About The Distraction Index

Independent civic intelligence since December 2024

Mission

The Distraction Index publishes a weekly, frozen record of U.S. political events scored on two dimensions: constitutional damage (A-score) and media hype / manufactured distraction (B-score). The goal is to help citizens distinguish between events that cause real democratic harm and events that are engineered to dominate attention.

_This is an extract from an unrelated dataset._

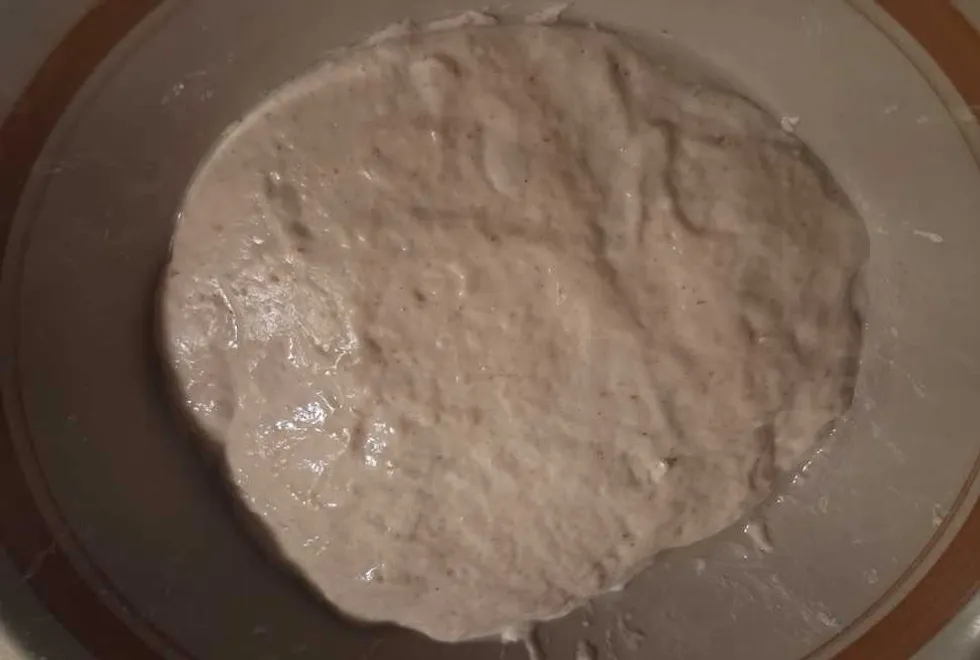 I put some flour in a bowl. Then I put some water in. Then I stirred it. Then I set it on the counter under a towel. Every day, I dumped half out and added back water and flour to give the nascent yeast new starch to grow on.

Every week runs Sunday through Saturday. Once a week closes, its scores freeze permanently. Post-freeze corrections are append-only and publicly documented on the corrections page.

How It Works

Articles are ingested from multiple news sources every four hours. AI clustering groups articles into distinct events, which are then scored by AI using a transparent, versioned algorithm. Every scoring decision can be audited on the methodology page.

Data Sources
  • GDELT Project (global event database, free and open)
  • GNews API (aggregated news headlines)
  • Google News RSS (supplemental coverage)
AI Models Used
  • Claude Haiku 4.5 — article clustering and event identification
  • Claude Sonnet 4.5 — dual-axis scoring (A-score and B-score)

Creator

The Distraction Index is an independent project by Steve Harlow, an AI and civic tech advocate. The source code is publicly available on GitHub.

Principles

  • Transparency: Every algorithm weight, modifier, and formula is documented publicly. No black boxes.
  • Immutability: Frozen scores are never silently changed. Corrections are append-only and timestamped.
  • Independence: No political affiliation, no advertising, no editorial influence. The algorithm scores events; humans review edge cases.
  • Open Source: The full codebase is available for inspection, critique, and contribution.